Ed has it right here:

Please don’t lead people astray by telling them that tossing a known poison into our rivers and streams does not have dire consequences. It does!

Disagreeing here does all anglers a disservice by arguing that lead does not have a negative impact. IT DOES.

It may not be as bad as other things (habitat destruction, epidemics or whatever), but Every Angler should be making a consious effort to minimize there use of lead.
I’ll fully admit there are worse problems out there (including the pharmecueticals from water treatment plants, and runoff from roads), but doesn’t every little bit help? For a couple bucks difference, I can’t justify using a product that is known to have harmfull effects (even if only a few swan deaths are scientifically proven a year in one study, take the stats and stretch it over the continent where people fish…). I’m not really pleased about kiling anything incidentally and I will do what I can to prevent it. I don’t take blind shots while hunting, why would I pursue an activity that has a chance of killing others, when I know I can minimize that?
Kinda parallels the attitude in this good article http://www.madduck.org/article/paradox
Stop holding on to lead… it’s just a bad habit.

Every conscious effort to do right by the environment is a positive step forward… fighting to justify the use of lead is certainly not helping any cause for how important anglers are, inregards to conservation of freshwater resources… I’d argue the opposite actually… it makes all anglers look like a bunch of backwards idiots only concerned with our own short term enjoyment.

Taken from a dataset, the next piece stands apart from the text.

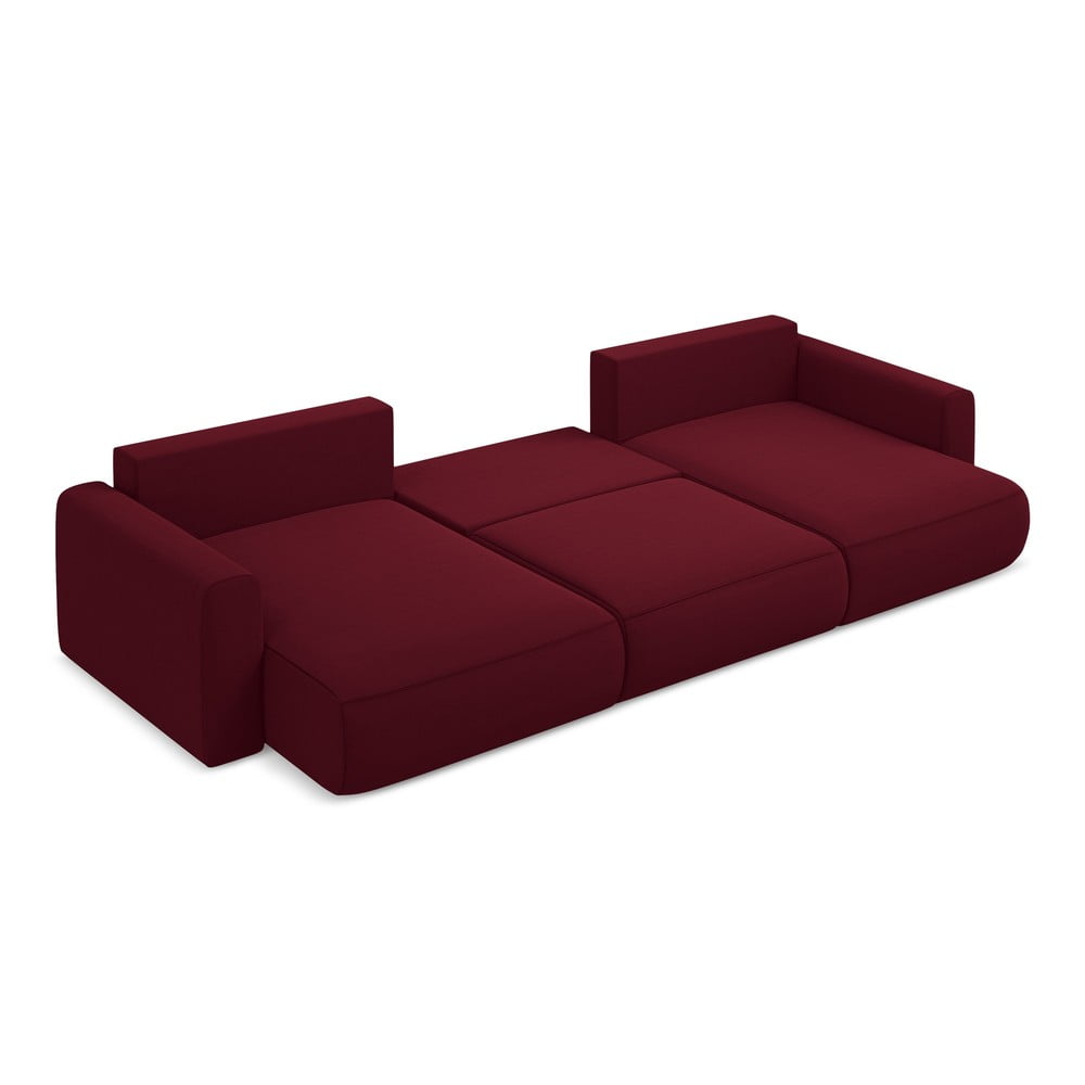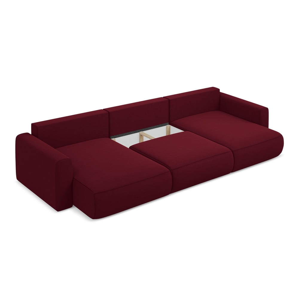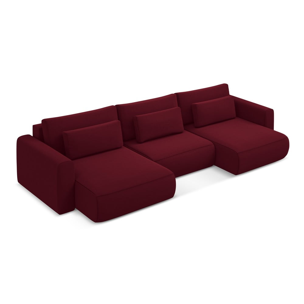 Bordowy aksamitny rozkładany/ze schowkiem narożnik (w kształcie litery U) Kapua – Makamii

Good for you pharper! That is exactly the attitude we should all have.

I’m really going to go out on a limb here and probably even going to cut the branch off behind me “BUT” if all of these gazillion lbs of lead that have been removed from the earth were returned to the earth, Who do you think would start yelling the loudest?

Lead put back on the earth like this?
The quantity of lead shot, nylon fishing line and other litter discarded at a coarse fishing lake. (lead not lost while fishing, but while trying to put it on the line?)

Or of course if you put it in water it starts to “leach”
Lead emissions from lost fishing sinkers

There is a good summary in this Washington State document: http://198.238.33.67/fish/papers/lead_fishing_gear/fpt_06-13.pdf

Buried in a dry (or at least non acidic) pit… no problem :smiley:

Glad to see you added the monofiliment pharper. I don’t know the statistics but my bet is more birds have died from mono than lead.

The older I get the more I have realized how little I believe what I read. “SHOW ME”. Don’t tell me and use some articles that “say this” and “say that”.

Why don’t we change the discussion to all getting together and fishing.:smiley:

Ahh, but like Newton said…" If I have seen further, it is by standing on the shoulders of giants."
The articles are written by bigger eco-toxicology experts then I ever want to meet. The only way to ladvance in something like this is by questioning the work and building on it or rebutting it.

I don’t doubt there are more deaths from mono… I’ve seen quite a few and rescued a few birds and animals myself.
But that is another issue, and possibly a more revelent one to flyanglers A Cause of Mortality for Aerial Insectivores

I’m all for fishing… It should be above freezing here this weekend!!!